The Gulf Co-operation Council (GCC) has welcomed the preliminary landmark deal between Iran and the P5+1 (the US, Russia, Britain, France, China and Germany), further depicting that a fresh leaf is turned over in the relationship between the Sunni monarchies of the Gulf region that make up the GCC and their Shia neighbour.
"The GCC states have expressed their comfort towards the preliminary Geneva agreement pertaining to the Iranian nuclear programme, and we look forward to its success to lead to a permanent pact, that drives away the spectre of tension from our region," said Emir Sheikh Sabah Al-Ahmad Al-Sabah, the Emir of Kuwait, on Tuesday at the opening session of the 34th summit in Kuwait City.
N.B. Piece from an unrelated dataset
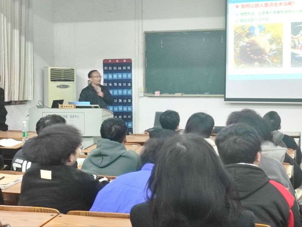 杨主任提到,互联网的广泛发展已经深深地影响到大学生的学习生活,很多大学生将大量的时间花费到网络游戏和虚拟社会中,对现实生活的热切度越来越小,沉迷于网络世界的同时也已经渐渐脱离现实生活,这些都严重影响到他们的人际交往和各项社会实践活动,而且一些不良的网络信息和不健康的文化正在逐渐侵蚀着大学生的思想,严重影响了大学生的身心健康。随后,李圣春教授讲解了网络带来危害的同时又在现场演示了不法分子是如何利用网络入侵目标主机,并且篡改盗取用户信息的,以此让在场的同学们都留下了深刻的印象,使他们深深地意识到了网络安全的重要性以及网络带来的危害与弊端。

This is the first such summit since Iran struck a deal with the P5+1 in late November, to curb its controversial nuclear activity in exchange for partial easing of sanctions that have exhausted Tehran’s economy. The interim agreement is seen as a step towards concluding a final deal over Iran's nuclear programme.
The six members of the GCC, that include Saudi Arabia, United Arab Emirates, Qatar, Bahrain, Kuwait and Oman, have responded in different ways to Iran since relatively moderate Iranian President Hassan Rouhani took on a task of amending damages caused by his predecessor Mahmoud Ahmadinejad, especially with the West and their Arab allies.
Javad Zarif, the foreign minister of Iran, has paid visits to four of the six states, excluding Riyadh and Manama, who accuse the Shia powerhouse of inciting a three-year revolt by the Shia majority in Bahrain against the Sunni ruling family.
Syria on agenda
Washington has been trying to reassure its Gulf allies of their security following the deal reached with Iran.
The GCC summit, which will conclude its talks on Wednesday, will also discuss developments in war-torn Syria, as well as a Saudi proposal to transfer the council into a union.
Speaking at the summit, the head of the Syrian National Council, the umbrella organisation of Syrian rebels, called on the Gulf states to send aid to war-hit Syrians.
"The first drop of aid to support our nation's resistance is through a humanitarian fund" that is "under the supervision and management of the SNC as you know the big size the catastrophe we face," Al-Jarbi said.
Thousands have been killed since the civil war first broke out in Syria between rebel fighters battling against the regime troops, strongly supported by Iran and Russia, while about seven million have been displaced.